In reaching out to young people, the computer company held a soccer photo essay contest for 12-15 year olds. Such outreach is paying off at the packed stadiums, and the overwhelming support is showing big business that soccer fans, willing to put their money where their loud mouths are, are proof the sport may be viable from a profit-making standpoint.
If You Build It, They Will Come
A new era is dawning for athletes and sports enthusiasts as companies find that women can be spectacles, as well as spectators, in the athletic arena.
Mel Helitzer, author of The Dream Job: Sports Publicity, Promotiod Marketing, puts it like this: "There are only two reasons for professional sports in this country. The first is to make money, and the second is to make money."
And money is certainly being made. Ticket sales for the U.S. games have far exceeded expectations. With a near sell-out of Giants Stadium for the opener and Saturday's sold-out finals, fans are delivering a message they will pay to watch.
Howard Fienberg, a research analyst for the Statistical Assessment Service, downplays the current WWC fever, explaining that "the current success of women's soccer ... is primarily a phenomenon of female sporting success, which is why it is attracting so much attention." But whether it's the women or the sport that fans are attracted to, the publicity can't hurt either way.
Joe-Max Moore, the third leading all-time scorer for the men's U.S. National Team and a top striker for the MLS's New England Revolution, looks at the Women's Cup games with an eye toward soccer's future in the U.S. "It's got to be a positive thing. ... Most sports fans will agree that there are so many young soccer players out there and eventually ... a lot of them are going to watch soccer or be around soccer."

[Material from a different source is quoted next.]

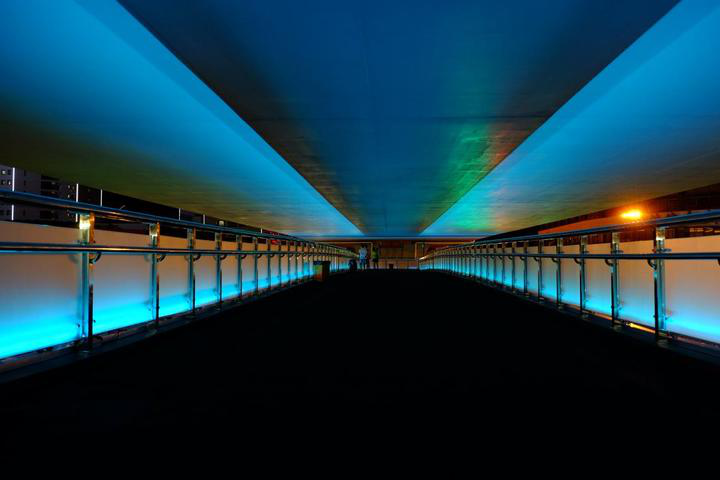 本次亮化提升改造的8座天桥,主要对桥梁上的钢结构架、楼梯、无障碍电梯等凸显桥梁结构和特色在部位进行投光打亮,并通过LED投光灯彩色光渲染添加节庆及环境热闹氛围。

The question remains, though, whether companies like Adidas, Coca-Cola and McDonald's will keep up the momentum after the Cup has been decided.
Cup Could Be a Watershed
A lot is riding on the U.S. team in Saturday's game.

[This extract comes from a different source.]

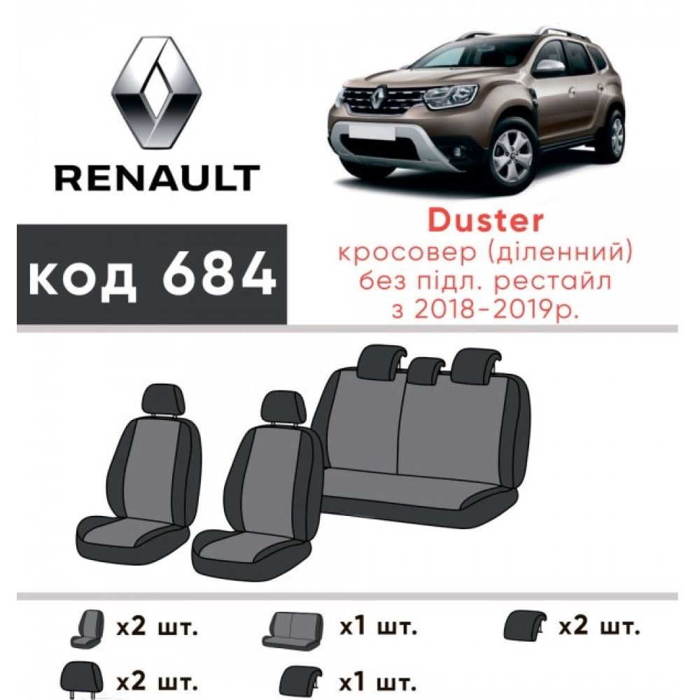 Авточехлы для салона Renault Duster '18-, с раздельной спинкой (Элегант)

Helitzer puts it like this: "If the Americans win, soccer becomes a major sport for women's soccer. If they lose, nobody likes second place."
But the longevity of the game will probably ultimately rely on local soccer fields where the sport is continuing to gain appeal across a broad spectrum of players, young and old, male and female.

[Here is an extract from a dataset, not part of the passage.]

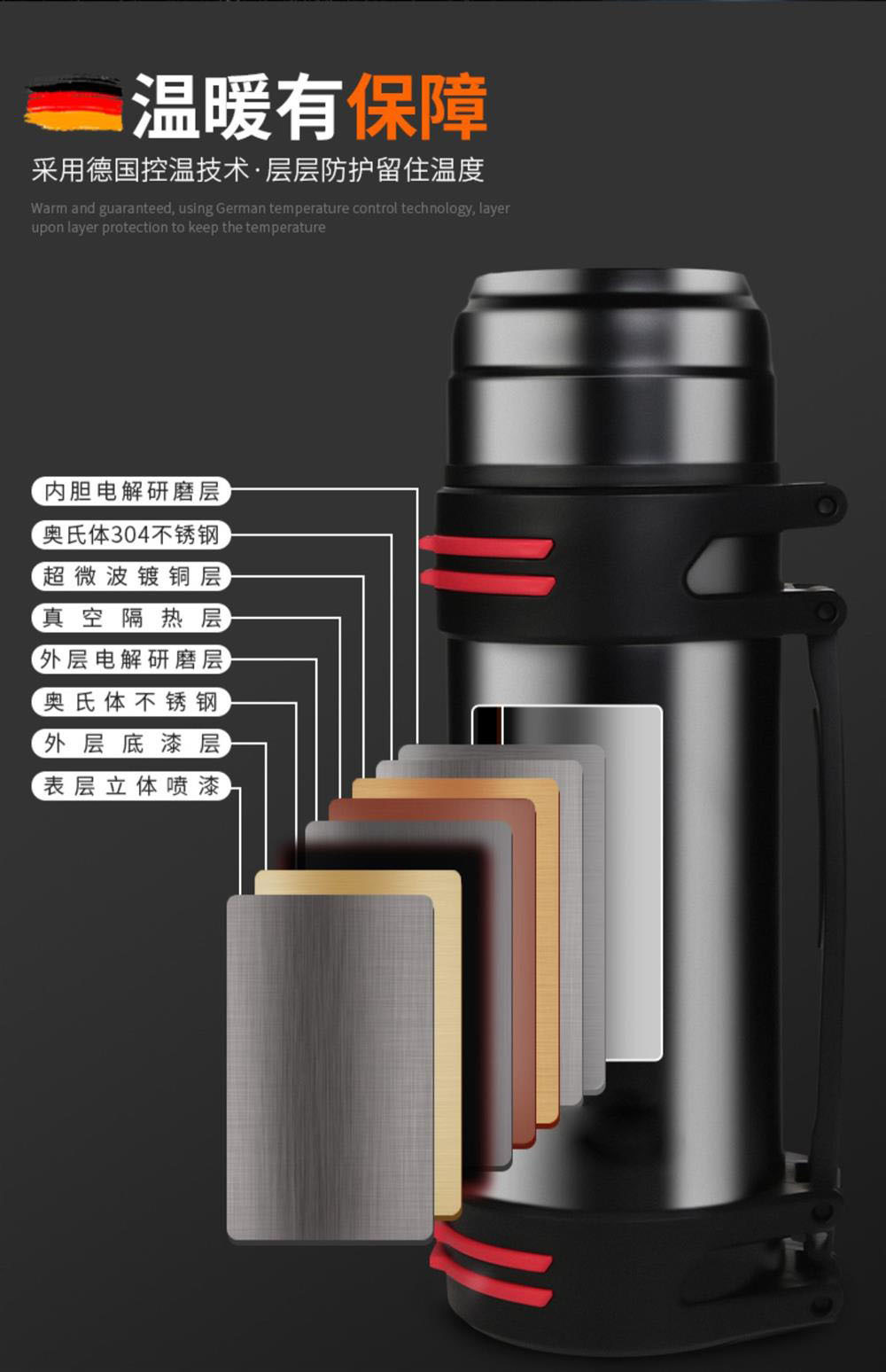 남성용 스테인레스 스틸 라이너 진공 전체 강철 절연 주전자 야외 여행 등산 휴대용 대용량 절연 컵

It's affordable, simple, graceful and at the moment especially hot. As more and more schools add soccer to their athletic programs, the more momentum the sport gains. For women, this is an especially positive development.
"As far as the psychology of sports and girls goes, girls who are involved in sports seem to have better self confidence ... than girls not involved in sports," says child psychologist Robert R. Butterworth Ph.D.
One of the biggest things that the U.S. Women's team has going for it is its, well, self-confident personality.
As general manager Brian Fleming explains, "These personalities (on the women's team) just come naturally what you see is what you get with these players. They're a phenomenal group of players. They're a phenomenal group of people off the field."
Moore, who scored the only goal in the recent U.S. men's match against Argentina and who went to Mission Viejo High School in California with U.S. women's player Julie Foudy, says this about the young star: "She's an unbelievable person. I quickly became friends with her once I moved there. She has such a vibrant personality everybody that ... knew her knew that she was gonna be something special."
It's women like Foudy whom marketers love. If they can find the equivalent to Michael Jordan in a female as some believe they have in Mia Hamm, who stars with the former Chicago Bull in some sports drink commercials they can tap into a burgeoning market.
Then, maybe, names like Hamm, Foudy and Moore will be as recognizable as Pele.